3

I am trying to match spaces just after punctuation marks so that I can split up a large corpus of text, but I am seeing some common edge cases with places, titles and common abbreviations:

I am from New York, N.Y. and I would like to say hello! How are you today? I am well. I owe you $6. 00 because you bought me a No. 3 burger. -Sgt. Smith

I am using this with the re.split function in Python 3 I want to get this:

["I am from New York, N.Y. and I would like to say hello!",
"How are you today?",
"I am well.",
"I owe you $6. 00 because you bought me a No. 3 burger."
"-Sgt. Smith"]

This is currently my regex:

(?<=[\.\?\!])(?<=[^A-Z].)(?<=[^0-9].)(?<=[^N]..)(?<=[^o].)

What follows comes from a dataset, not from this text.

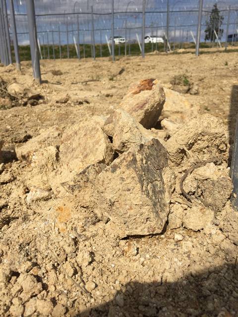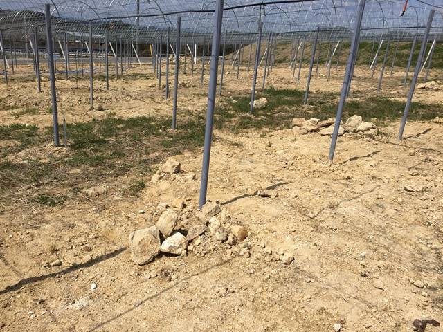 圃場のあちらこちらに大きな石の山が積み上げられています。

I decided to try to fix the No. first, with the last two conditions. But it relies on matching the N and the o independently which I think is going to case false positives elsewhere. I cannot figure out how to get it to make just the string No behind the period. I will then use a similar approach for Sgt. and any other "problem" strings I come across.

I am trying to use something like:

(?<=[\.\?\!])(?<=[^A-Z].)(?<=[^0-9].)^(?<=^No$)

But it doesn't capture anything after that. How can I get it to exclude certain strings which I expect to have a period in it, and not capture them?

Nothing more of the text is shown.